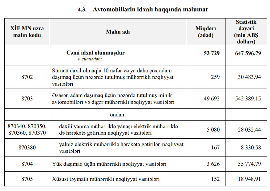 Ötən il ölkəmizə 49 min 692 ədəd minik avtomobili, 259 ədəd avtobus, 3 min 626 ədəd yük avtomobili və 152 ədəd xüsusi təyinatlı avtomobil idxal edilib.
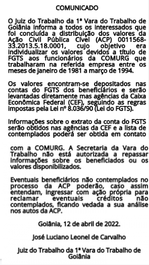 O Juízo da 1ª Vara do Trabalho de Goiânia determinou o pagamento de cerca de R$ 14,8 milhões a cerca de 2,6 mil trabalhadores da Companhia de Urbanização de Goiânia (Comurg) pondo fim a uma Ação Civil Pública que tramitava há mais de oito anos. Os valores devidos são a título de FGTS em benefício dos empregados que trabalharam na empresa entre janeiro de 1981 a março de 1994.
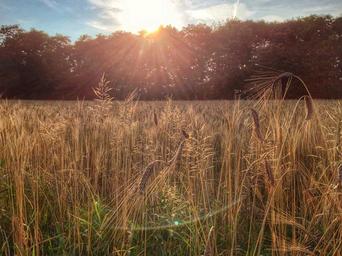 Keywords: spike cornfield field sunset harvest agriculture cereals grain back light sunlight sunbeam
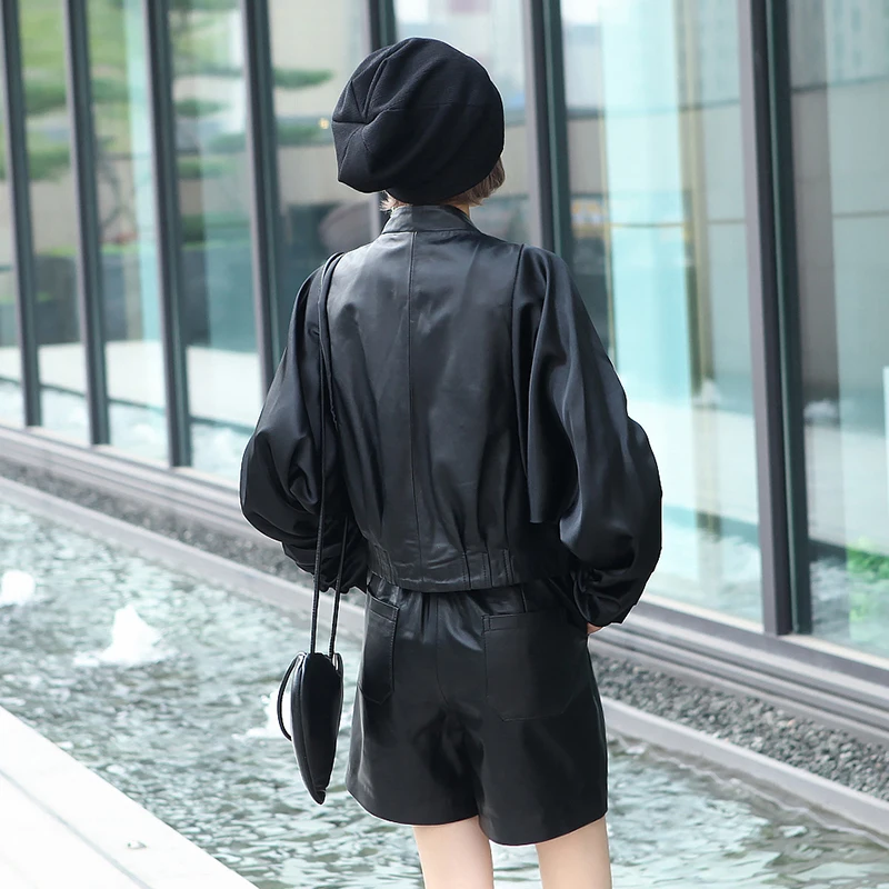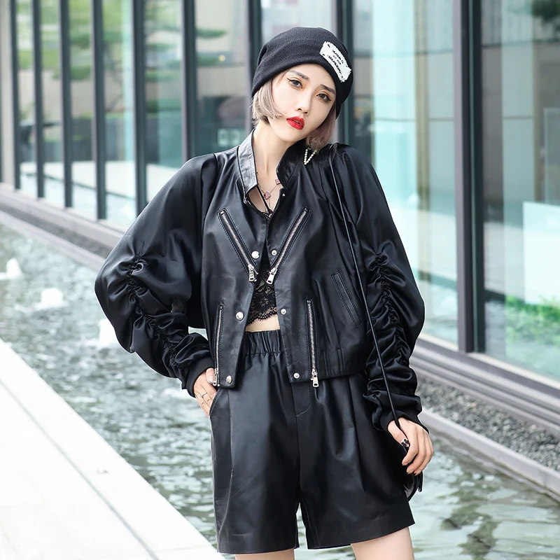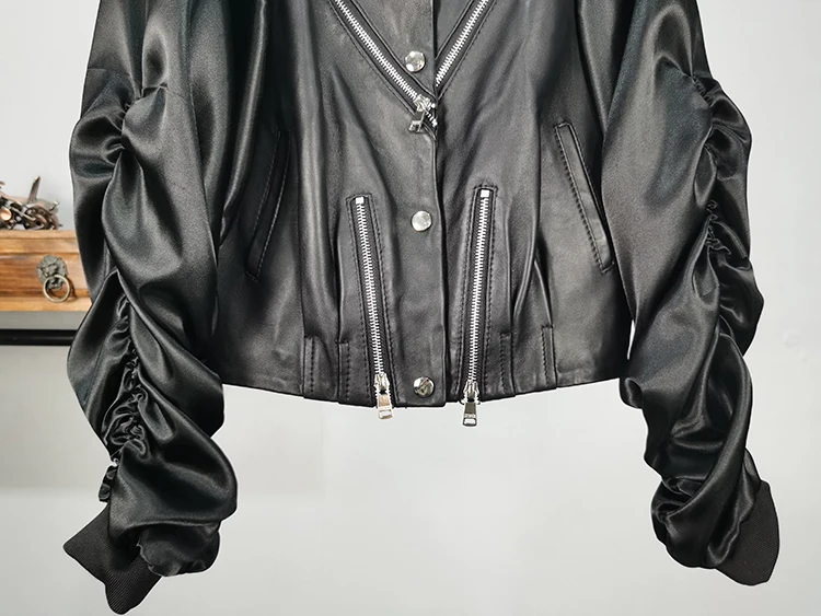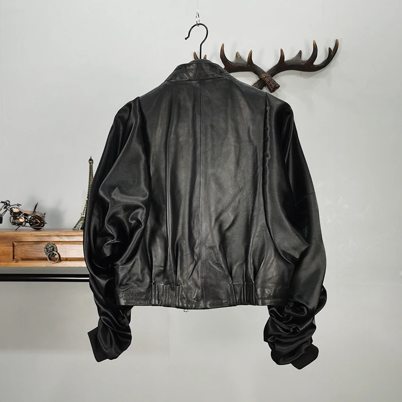 3XL 2XL Autumn Winter New Genuine Real Leather Jacket Women Sheepskin Patchwork Sleeves Short Leather Jacket Loose Zipper Coat
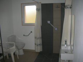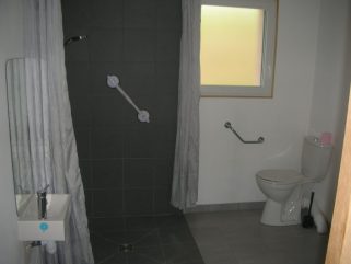 Pas d’escaliers mais une rampe d’accès extérieur pour les fauteuils
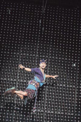 演唱會進行期間,華仔唱《愛你一萬年》時吊鋼絲于半空表演360度轉圈動作,但他轉得太大力而失去平衡,華仔試圖用腳扣著鋼絲穩(wěn)定身體,但反被鋼絲纏腳倒吊半空,臺下歌迷嚇得驚叫,幸好最后他安然無恙落地。其后他與女舞蹈員在臺邊跳舞,不慎被公仔撞到險墮臺,女舞蹈員及時拉住他才沒事。
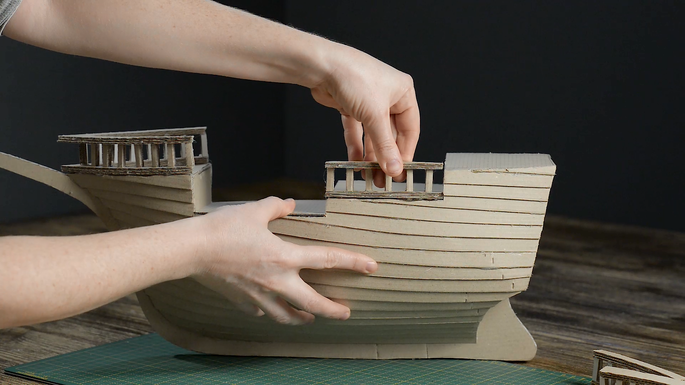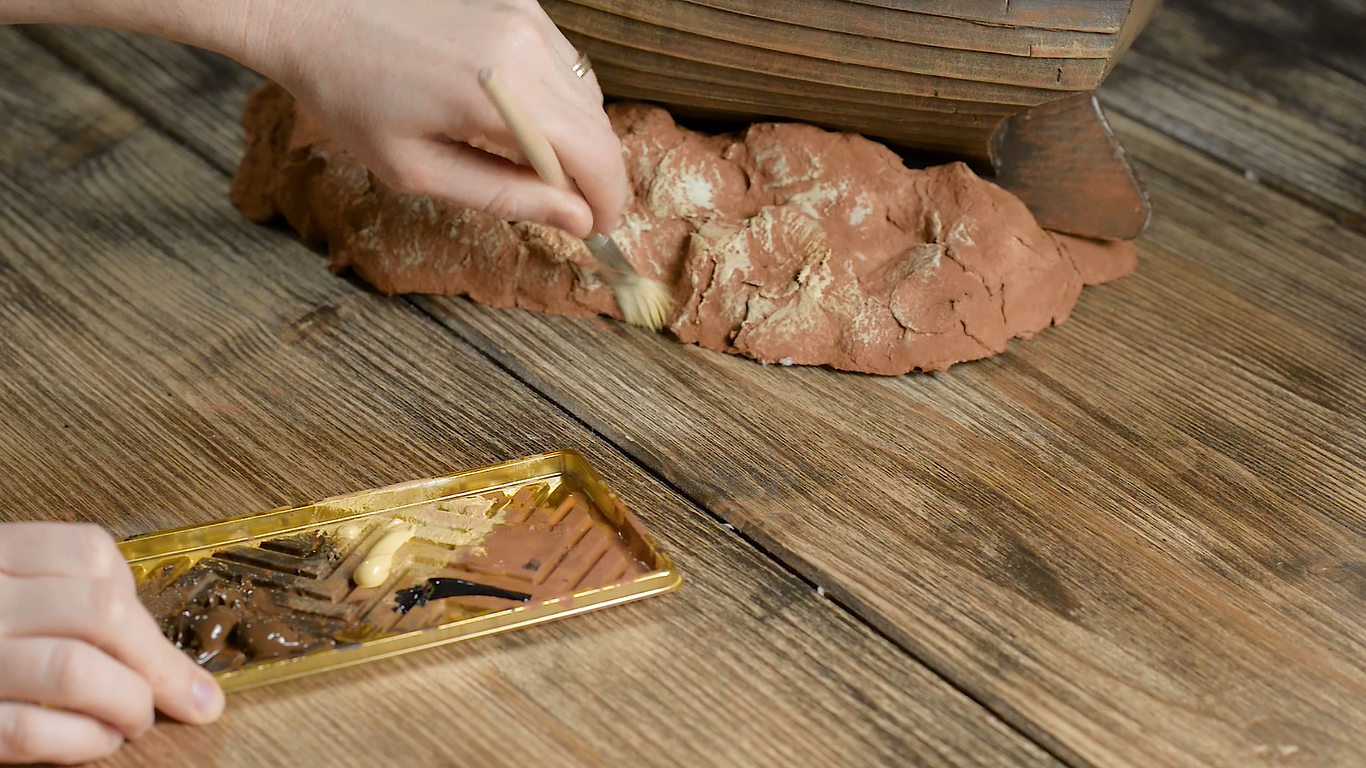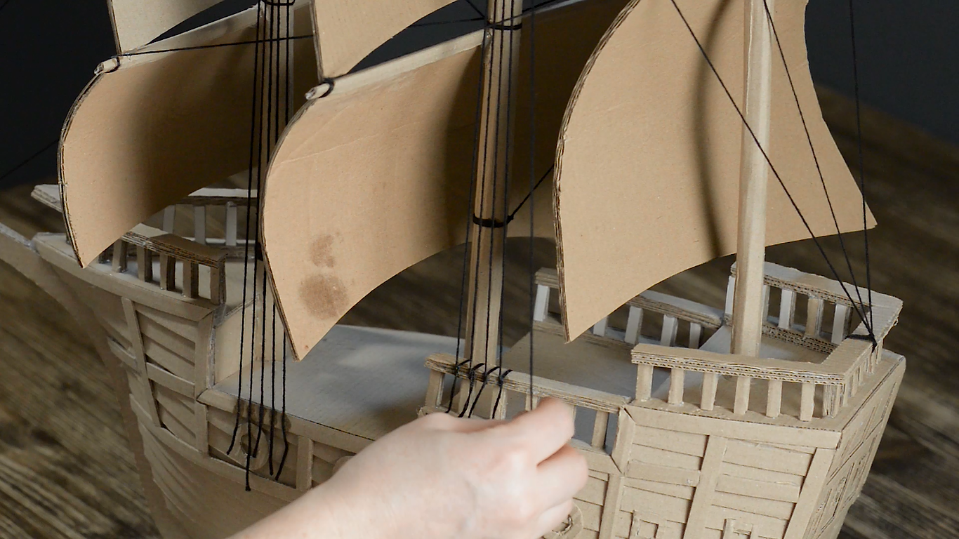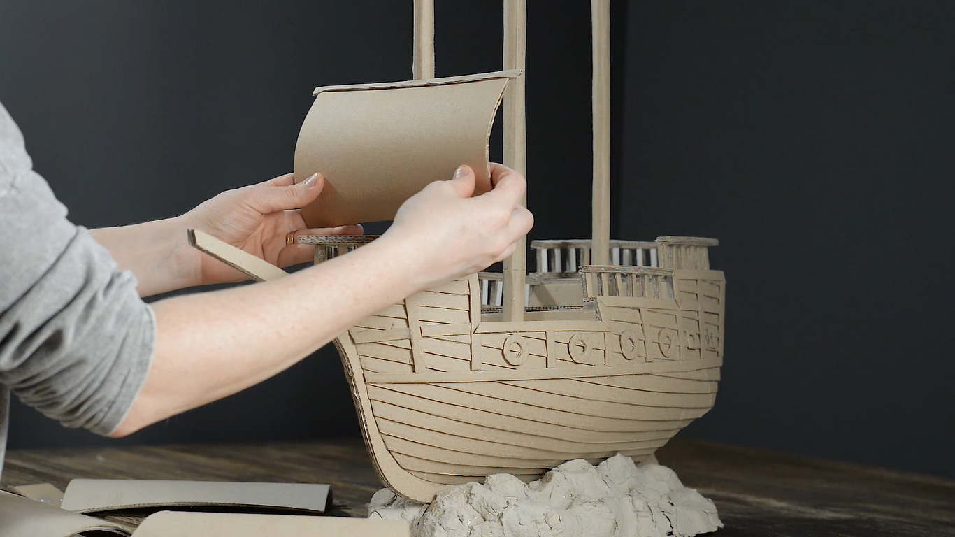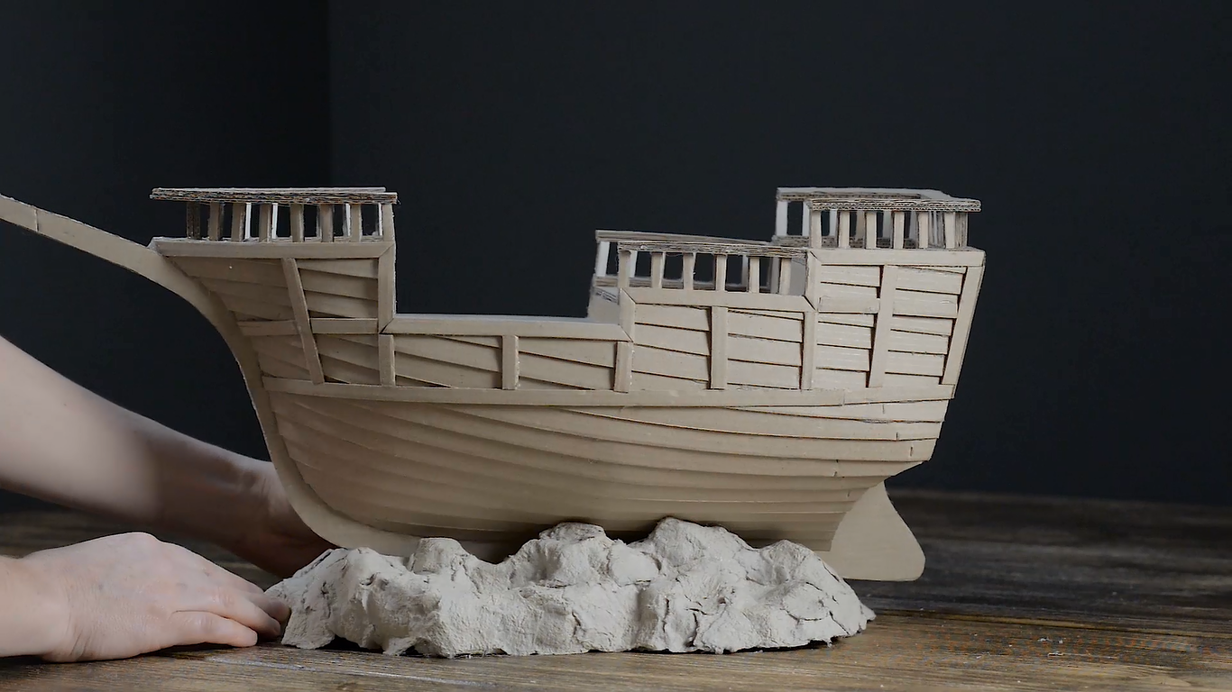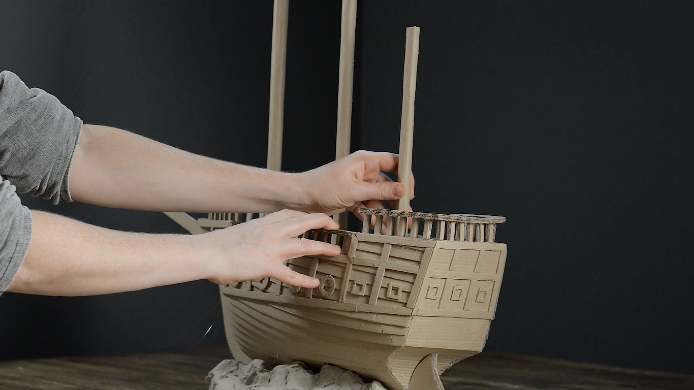 I covered the surface in a dark color first. This will serve as a base. Make it go in all the cracks and the deepest holes. It will act like a shadow and contrast layer when we add brighter colors. I add a brighter color only to the surface of the texture, gently rubbing the brush with very little pigment so I don't get it in the cracks. On top of that bright color you can add other colors as well. You can make it brighter and more colorful, it's your choice. I went for a wooden look for the main body of the ship. I painted the sails white first and then added a diluted brown to the top and spread it gently and dissolving it to the bottom until the sail looked older and used. I hope you liked my instructable and got some inspiration to start your own projects. Have fun!
==================================================
Go back to the listing above and write out the lines starting at the one with "3XL 2XL Autumn" and ending at the one with "Pas d’escaliers mais", inclusive, exactly and without pictures.

**Reply**
 3XL 2XL Autumn Winter New Genuine Real Leather Jacket Women Sheepskin Patchwork Sleeves Short Leather Jacket Loose Zipper Coat
 Pas d’escaliers mais une rampe d’accès extérieur pour les fauteuils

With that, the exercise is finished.